And if they did get any coin, they’d spend it on the gate fee, only to be kicked out for begging inside within the week.
There was something sick and dependant about the city. Something self-consuming.
That was why Tyrna didn’t trust it.
She carried a bundle of silver doe-skins tossed over her shoulders, a toothed pendant swaying from her neck as she bent. It was her lucky charm. In the wilds, skill was enough, but for the streets of Caltern, you needed luck.
The gate fee had gone up.
The market was so crowded, so full of human noise and stink, that Tyrna could barely think. Her mind came to her and left her in sudden waves, washed away by the clamour of the marketplace and creeping back in the rare moments of quiet.
She thought she’d been short-changed by the merchant, once she got free of the confusion.
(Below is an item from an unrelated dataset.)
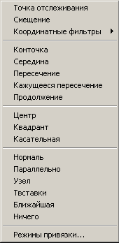 Зверніть увагу, що якщо в режимі введення координат клацнути правою кнопкою миші з натиснутим «Shift», то в контекстному меню (мал. 2.11), що з'явилося, будуть доступні команди тимчасових точок прив'язки (діючих лише усередині команди). Крім того, є можливість використовувати функції «Точка отслеживания» і «Смещение», які допомагають позбутися необхідності побудови допоміжних ліній.

She thought she’d have to find a way to live without Caltern, next year.
The sights of the city swarmed over her in waves, like the lashing of a strange and colorful sea, and before she knew it she had washed up on the steps of her favorite place in the whole city- the quiet little temple of the owl-prophetess.
Owls peeped and hooted from the eaves. Statues of forgotten saints, abandoned by their original temples, accumulated here, and here accumulated owls on their shoulders and heads, congregations of snowy, barn, desert, and horned. Owls from the world over.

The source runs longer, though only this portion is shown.